== Segment start ==
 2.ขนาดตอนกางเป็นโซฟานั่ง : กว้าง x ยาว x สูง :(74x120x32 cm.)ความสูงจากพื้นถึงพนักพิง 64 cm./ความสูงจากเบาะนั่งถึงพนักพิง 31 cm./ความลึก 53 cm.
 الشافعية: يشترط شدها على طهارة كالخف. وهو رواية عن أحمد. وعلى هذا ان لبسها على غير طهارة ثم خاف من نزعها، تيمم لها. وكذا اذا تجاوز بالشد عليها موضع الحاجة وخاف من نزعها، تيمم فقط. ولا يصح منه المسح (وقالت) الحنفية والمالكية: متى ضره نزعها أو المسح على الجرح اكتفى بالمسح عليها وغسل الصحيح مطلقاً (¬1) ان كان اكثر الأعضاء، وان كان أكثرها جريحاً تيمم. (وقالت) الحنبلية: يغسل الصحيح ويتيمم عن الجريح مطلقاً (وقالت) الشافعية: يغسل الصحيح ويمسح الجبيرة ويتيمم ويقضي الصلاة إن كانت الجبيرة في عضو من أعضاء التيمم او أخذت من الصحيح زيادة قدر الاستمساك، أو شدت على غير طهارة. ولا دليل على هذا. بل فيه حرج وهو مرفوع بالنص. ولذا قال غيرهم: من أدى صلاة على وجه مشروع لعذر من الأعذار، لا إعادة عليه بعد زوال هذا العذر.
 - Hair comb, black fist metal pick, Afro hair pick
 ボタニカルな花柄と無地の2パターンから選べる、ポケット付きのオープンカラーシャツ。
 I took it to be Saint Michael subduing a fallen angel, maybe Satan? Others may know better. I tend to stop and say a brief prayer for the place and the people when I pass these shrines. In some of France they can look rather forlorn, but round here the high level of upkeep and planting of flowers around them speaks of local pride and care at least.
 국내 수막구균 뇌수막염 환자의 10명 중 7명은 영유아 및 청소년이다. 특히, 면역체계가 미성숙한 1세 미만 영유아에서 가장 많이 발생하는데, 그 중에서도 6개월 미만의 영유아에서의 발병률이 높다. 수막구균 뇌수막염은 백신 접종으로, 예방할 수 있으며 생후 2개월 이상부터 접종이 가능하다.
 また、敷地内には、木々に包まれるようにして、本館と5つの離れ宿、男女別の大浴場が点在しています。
== Segment end ==
## WHAT TO DO:
Reprint the entire listing exactly.

## TASK RESULT:
 2.ขนาดตอนกางเป็นโซฟานั่ง : กว้าง x ยาว x สูง :(74x120x32 cm.)ความสูงจากพื้นถึงพนักพิง 64 cm./ความสูงจากเบาะนั่งถึงพนักพิง 31 cm./ความลึก 53 cm.
 الشافعية: يشترط شدها على طهارة كالخف. وهو رواية عن أحمد. وعلى هذا ان لبسها على غير طهارة ثم خاف من نزعها، تيمم لها. وكذا اذا تجاوز بالشد عليها موضع الحاجة وخاف من نزعها، تيمم فقط. ولا يصح منه المسح (وقالت) الحنفية والمالكية: متى ضره نزعها أو المسح على الجرح اكتفى بالمسح عليها وغسل الصحيح مطلقاً (¬1) ان كان اكثر الأعضاء، وان كان أكثرها جريحاً تيمم. (وقالت) الحنبلية: يغسل الصحيح ويتيمم عن الجريح مطلقاً (وقالت) الشافعية: يغسل الصحيح ويمسح الجبيرة ويتيمم ويقضي الصلاة إن كانت الجبيرة في عضو من أعضاء التيمم او أخذت من الصحيح زيادة قدر الاستمساك، أو شدت على غير طهارة. ولا دليل على هذا. بل فيه حرج وهو مرفوع بالنص. ولذا قال غيرهم: من أدى صلاة على وجه مشروع لعذر من الأعذار، لا إعادة عليه بعد زوال هذا العذر.
 - Hair comb, black fist metal pick, Afro hair pick
 ボタニカルな花柄と無地の2パターンから選べる、ポケット付きのオープンカラーシャツ。
 I took it to be Saint Michael subduing a fallen angel, maybe Satan? Others may know better. I tend to stop and say a brief prayer for the place and the people when I pass these shrines. In some of France they can look rather forlorn, but round here the high level of upkeep and planting of flowers around them speaks of local pride and care at least.
 국내 수막구균 뇌수막염 환자의 10명 중 7명은 영유아 및 청소년이다. 특히, 면역체계가 미성숙한 1세 미만 영유아에서 가장 많이 발생하는데, 그 중에서도 6개월 미만의 영유아에서의 발병률이 높다. 수막구균 뇌수막염은 백신 접종으로, 예방할 수 있으며 생후 2개월 이상부터 접종이 가능하다.
 また、敷地内には、木々に包まれるようにして、本館と5つの離れ宿、男女別の大浴場が点在しています。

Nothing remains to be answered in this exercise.